Bonanza for Big Luxury Brands Points to Small, Private Casualties

Listed labels like Hermès and Louis Vuitton have charged past their pre-pandemic sales. The question is who they are taking so much market share from.

By guest author Carol Ryan from the Wall Street Journal

Covid-19 is changing the global luxury-goods industry. Either it will emerge from the crisis much bigger than currently expected, or many privately owned brands are in very bad shape.

On Friday, Birkin handbag maker Hermès said sales in the first half of 2021 were up 77 % compared with the same period last year, at constant exchange rates. Even more eye-catching, revenue was one-third higher than in the equivalent period of 2019.

Racing past pre-Covid sales has been a theme for the biggest European luxury-goods companies this reporting season. Cartier owner Richemont said sales in the three months through June were 22 % ahead of 2019 levels. LVMH and Kering, best known for the Louis Vuitton and Gucci brands, respectively, are also significantly bigger businesses, and in LVMH’s case more profitable. Its first-half operating margin jumped 5.5 percentage points to 26.6% compared with the same time before the crisis.
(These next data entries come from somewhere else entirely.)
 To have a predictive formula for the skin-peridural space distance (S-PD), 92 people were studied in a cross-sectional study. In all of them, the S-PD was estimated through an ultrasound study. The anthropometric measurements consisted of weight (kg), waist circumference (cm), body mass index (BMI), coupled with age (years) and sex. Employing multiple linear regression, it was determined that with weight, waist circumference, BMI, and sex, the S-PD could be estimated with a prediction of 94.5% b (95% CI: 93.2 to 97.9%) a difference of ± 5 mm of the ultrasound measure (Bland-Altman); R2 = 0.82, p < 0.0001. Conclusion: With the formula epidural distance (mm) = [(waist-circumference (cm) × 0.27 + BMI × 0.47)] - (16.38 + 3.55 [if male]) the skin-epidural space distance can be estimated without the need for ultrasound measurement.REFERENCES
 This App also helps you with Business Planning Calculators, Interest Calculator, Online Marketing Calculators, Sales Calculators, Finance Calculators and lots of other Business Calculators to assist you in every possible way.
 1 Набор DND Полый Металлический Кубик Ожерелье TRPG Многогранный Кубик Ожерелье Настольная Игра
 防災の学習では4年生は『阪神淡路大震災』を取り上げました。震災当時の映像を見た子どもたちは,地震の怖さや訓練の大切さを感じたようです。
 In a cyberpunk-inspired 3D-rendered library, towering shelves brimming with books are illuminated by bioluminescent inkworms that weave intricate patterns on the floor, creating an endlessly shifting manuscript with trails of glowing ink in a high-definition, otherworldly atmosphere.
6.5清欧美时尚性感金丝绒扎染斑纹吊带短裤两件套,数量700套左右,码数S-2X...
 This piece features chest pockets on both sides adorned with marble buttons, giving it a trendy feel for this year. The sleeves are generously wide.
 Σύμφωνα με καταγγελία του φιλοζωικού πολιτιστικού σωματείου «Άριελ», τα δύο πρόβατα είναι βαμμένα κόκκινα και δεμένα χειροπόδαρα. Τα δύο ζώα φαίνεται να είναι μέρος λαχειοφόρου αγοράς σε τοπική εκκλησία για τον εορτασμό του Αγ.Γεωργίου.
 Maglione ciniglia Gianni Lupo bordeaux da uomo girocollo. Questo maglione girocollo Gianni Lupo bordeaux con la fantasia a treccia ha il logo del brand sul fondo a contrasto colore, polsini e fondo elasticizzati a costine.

Consultants at Bain & Company provide the forecasts used most widely by stock analysts who cover the sector. Under its most optimistic scenario, Bain expects the global market for personal luxury goods to be 5% larger in 2021 than it was in 2019. Major brands like Christian Dior, Louis Vuitton and Hermès are expanding sales at multiples of that rate. The estimate may prove too conservative if consumers’ hoarded savings, and cash that would normally be spent on traveling, continue to pour into luxury brands.

An alternative explanation is that a massive land grab is under way. Analysts at Jefferies estimate that LVMH’s share of the global personal luxury-goods market has increased from 10% before the pandemic to around 16% today, although the comparison is partly flattered by the purchase of U.S. jeweler Tiffany.

Certain smaller listed brands are holding their own. Moncler has already exceeded its pre-Covid size. Burberry has too, although just barely. And on Friday, Prada’s Hong Kong-listed shares shot up 12 % after it released numbers late Thursday showing first-half retail sales 8 % ahead of pre-pandemic levels.

But they are exceptions. Publicly traded casualties include Salvatore Ferragamo, Swiss watchmaker Swatch and shoemaker Tod’s, who have all seen their businesses shrink because of the pandemic. And a flurry of recent deals suggests plenty of privately owned brands are being crushed. Etro, Jil Sander and Christian Louboutin have all sold minority or majority stakes in their brands since the crisis hit. Giorgio Armani recently said his namesake brand won’t get back to pre-Covid levels until 2022. The 87-year-old designer has held takeover talks with the Agnelli family’s investment vehicle Exor, according to Reuters.

When it comes to luxury stocks, top quality no longer comes in small or discrete packages. This has been the case for some time, but the pandemic has made it truer.